Some unusual cystic lesions of the liver (case report)

AE Guthoff ¹, MH Wehmeier ¹, C Schramm ¹, M Bester ², A Quaas ³, AW Lohse ¹

¹University Medical Center Eppendorf, Internal Medicine I, Hamburg, Germany
²University Medical Center Hamburg-Eppendorf, Department of Radiology, Hamburg, Germany
³University Medical Center Eppendorf, Department of Pathology, Hamburg, Germany

Congress Abstract

Purpose: A 70-year-old male with a history of a non-Hodgkin-lymphoma treated with radiochemotherapy 13 years ago presented himself with an asymptomatic elevation of liver enzymes.

Material and methods: Abdominal ultrasound showed multiple cystic lesions within the liver. Some of the cystic walls had an irregular and nodular appearance. On contrast ultrasound (Sonovue (Bracco), GE Logiq E9) additional multiple small areas appeared hypoechoic in the portal phase. On magnetic resonance imaging (MRI) some of the cysts featured albuminous inclusions. There were no signs of sclerosing cholangitis.

Results: Biopsies were taken from three nodular lesions during mini-laparoscopy. Histologically, cells with a convoluted nucleus staining positive for CD1a and S-100 protein on immunohistochemistry and concomitant eosinophilic granulocytes were seen.

Conclusion: The histology is characteristic for a Langerhans' cell histiocytosis (LCH). This is, exspecially in adults, a rare disease with uncertain prognosis reaching from spontaneous regression to rapid progression and death. In most cases LCH is a multiorgan disease with frequent involvement of bones, lungs, skin and lymph nodes. Singular liver involvement is rare and exists in 3 types: Infiltration of extrahepatic bile ducts, infiltration of intrahepatic bile ducts, both resulting in sclerosing cholangitis and nodular Langerhanscell tumors. These can range from minute granulomas up to several cm pseudotumorous nodules not connecting to bile ducts or portal areas. Early stages of LCH may respond to chemotherapy with vinblastin and steroids. Liver involvement in a multiorgan disease is regarded as a marker for poor prognosis.

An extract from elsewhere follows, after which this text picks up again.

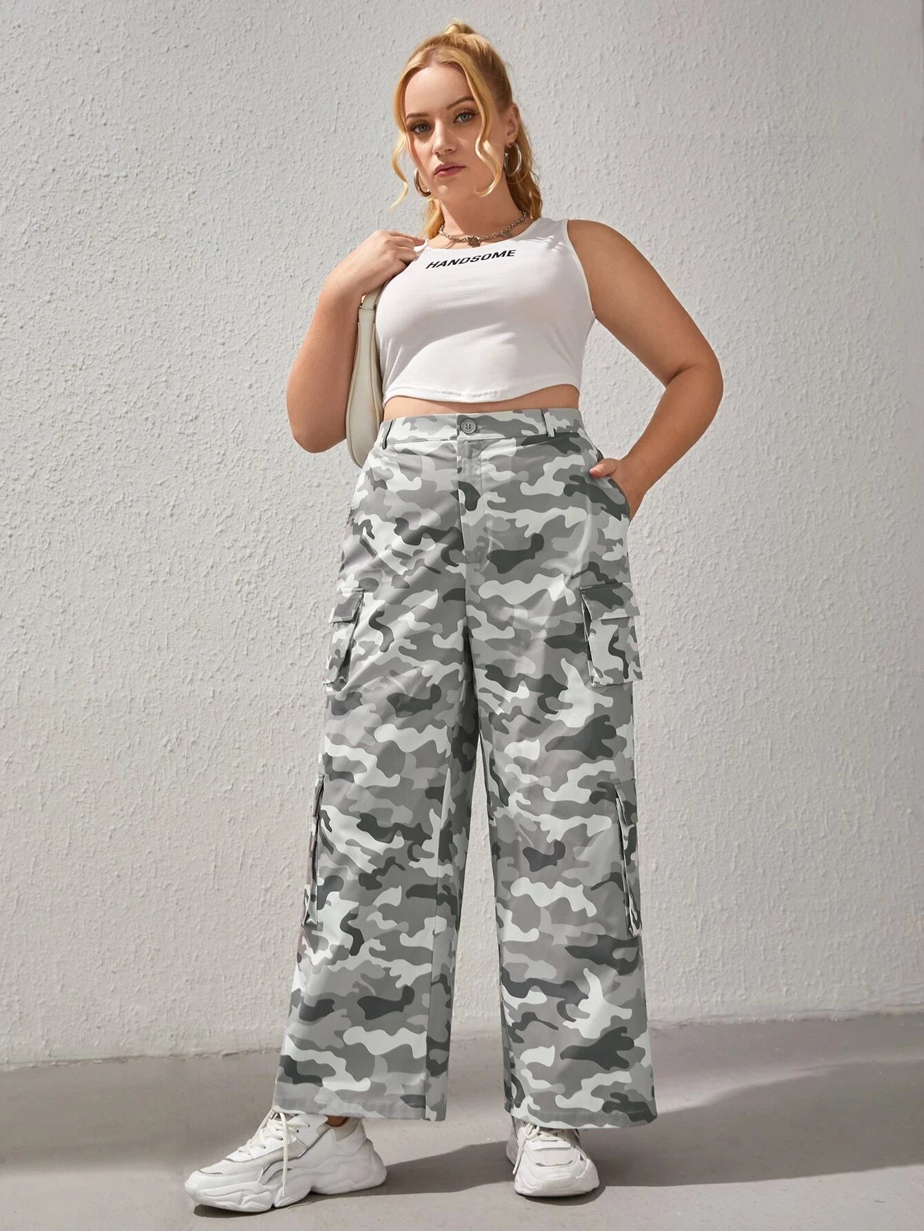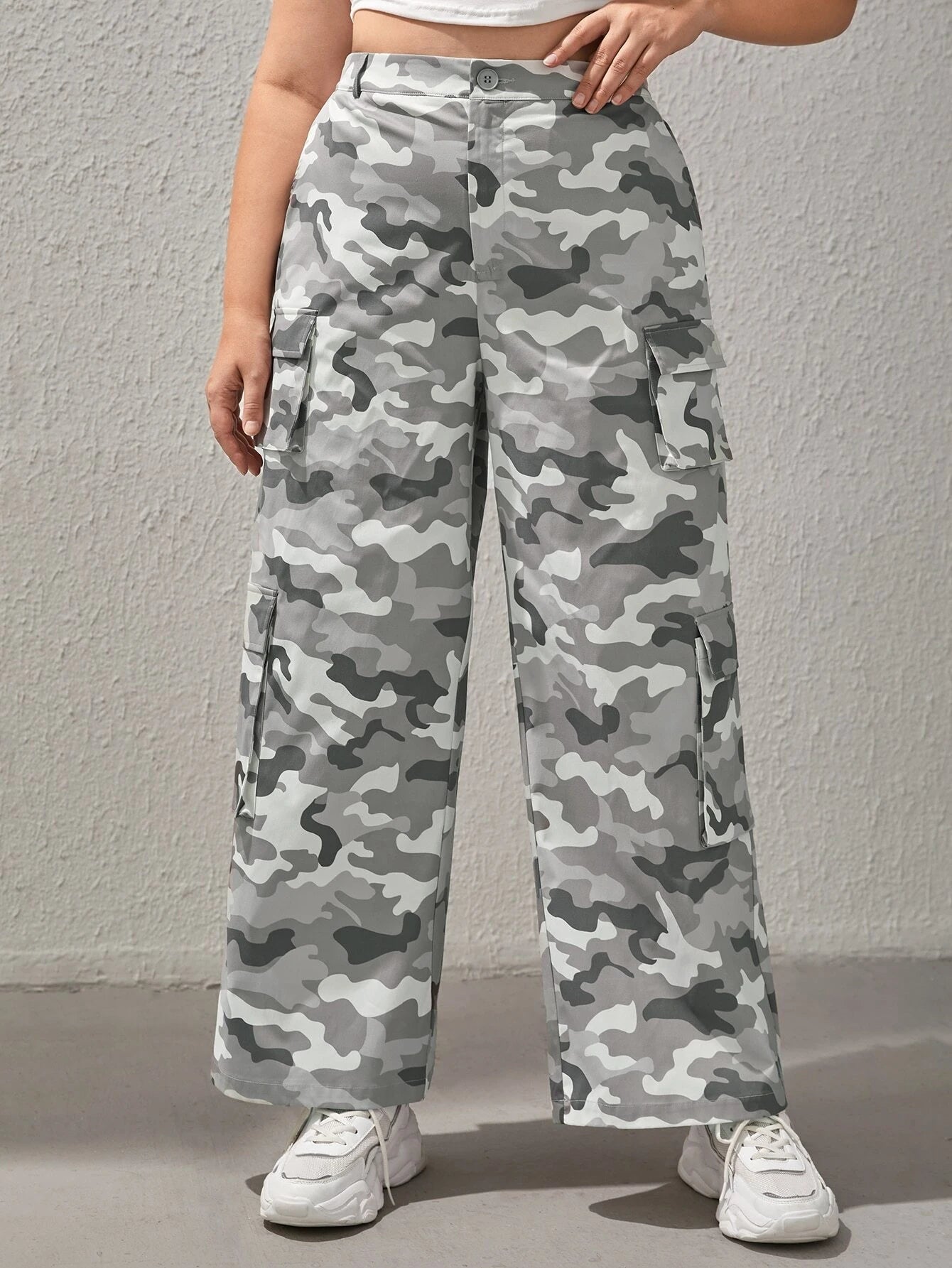 Stay both comfy and trendy with our Camo Printed Cargo Pants! Crafted with woven fabric and featuring a zipper fly, these casual pants come in an eye-catching white and grey camo pattern and boast plenty of pockets for storing your stuff. Let the world know you mean business in these comfy camo pants.

Our patient decided to receive no treatment due to the lack of clinical symptoms and involvement of only one organ and is well 2 years after diagnosis.

Having the heterogeneity of this disease in mind, Langerhans' cell histiocytosis should be considered not only as a rare cause of secondary sclerosing cholangitis but also of liver lesions in adults.